FDR is available to families even if they have commenced the court process.  In fact, under the MoJ Operational Guidelines, if they are directed by a judge to attend FDR they can access an additional 12 hours of FDR services in 12 months.  Lawyer for child can be a directed to attend or parents can elect to involve a VOCS.

If you have any questions about the policy or process, the FDR process or if you are interested in becoming a VOCS for Fair Way, please do contact us.
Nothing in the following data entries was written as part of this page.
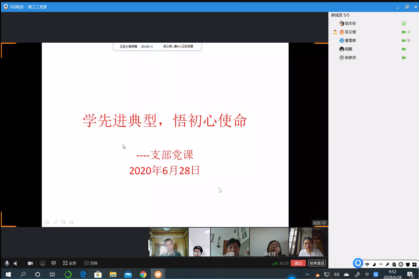 为贯彻落实党中央关于常态化疫情防控的决策部署,充分发挥高校基层党组织战斗堡垒作用和师生党员先锋模范作用,让党旗始终高高飘扬在疫情防控、返校复学和事业发展的全过程。商学院教工二支部于6月28日以“迎党的生日、讲战疫故事、悟初心使命”为主要内容召开了组织生活会,并开展了以“学习先进典型,悟初心使命”为题的微党课讲座。首先,院长项桂娥同志在组织生活会上率先讲述了“伟大英雄”和“平民英雄”的抗疫故事,并结合自身的工作实际畅谈了切身感悟,同时勉励大家在各自岗位上为抗疫做出自己的贡献。支部其他成员也分享了自己身边抗疫的所见所闻,畅谈自己的切身体会,并结合自身实际,明确了下一步努力的方向,大家畅所欲言。
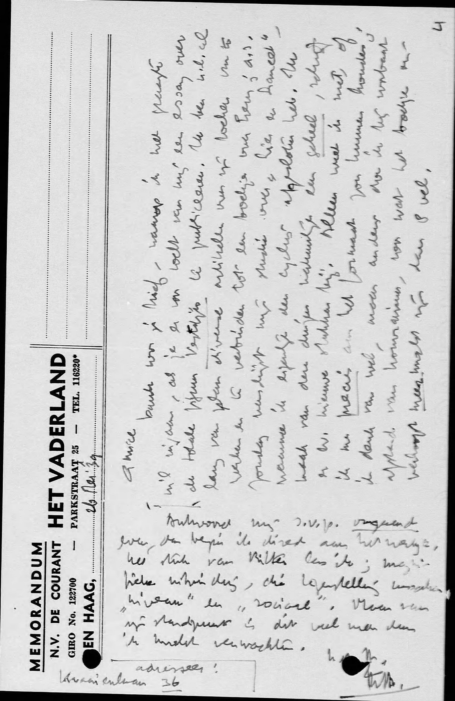 Dank voor je brief, waarop ik met graagte wil ingaan, als je er voor voelt van mij een essay over de totale figuur Vestdijk te publiceeren. Ik ben n.l. al lang van plan diverse artikelen over zijn boeken om te werken en te verbinden tot een boekje over hem; a.s. Zondag verschijnt mijn studie over ‘Lier en Lancet’, waarmee ik eigenlijk den cyclus afgesloten heb. Ik maak van deze dingen natuurlijk een geheel, schrijf er ev. nieuwe stukken bij. Alleen weet ik niet, of ik me precies aan het formaat zou kunnen houden; ik denk van wel, maar anders doe ik bij voorbaat afstand van honorarium, voor wat het boekje onverhoopt meer mocht zijn dan 8 vel.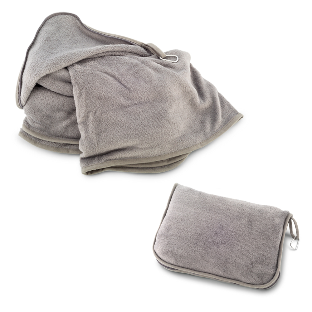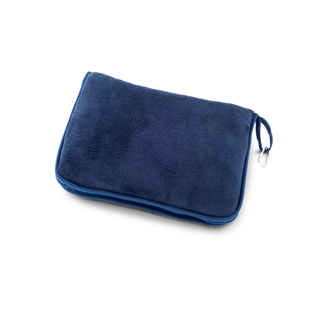 Cobija 100% en poliéster de doble uso. Puede ser usada de dos maneras: de cobija si se abre y de almohada cuando se compacta y se cierra. Bolsa en poliéster con cremallera, carabinero y reata frontal.

Email: fdr@fairwayresolution.com
Phone: 0800 77 44 20

About the author

Kate Lash has been a family court lawyer for a number of years and is currently specialising in dispute resolution. She is an accredited mediator with AMINZ, Family Dispute Resolution practitioner and Voice of Child Specialist. Alongside her family services mediation, she is also practicing as an adjudicator. Within Fair Way, Kate is a Duty Mediator in the Family Dispute Resolution Service. Kate practices primarily in the lower North Island.

Whilst in legal practice, Kate was an appointed lawyer for child and acted for children in a variety of cases. She trained at a post graduate level in children's issues in particular, focussing on the impacts on children within conflict.

Kate has extensive experience working with sufferers of family violence and  understands the wide reaching and varying effects of family violence. Throughout her career she has worked closely with various women's refuges and other community organisations.

Kate is passionate about supporting parties to create, and own, their own resolutions. Because she has practiced as a litigator for a number of years she is well aware of the potentially destructive impacts of the court environment and as a result is motivated to assist parties to communicate creatively to identify lasting solutions. She assists parties to think creatively and holistically about potential answers on a broad range of issues.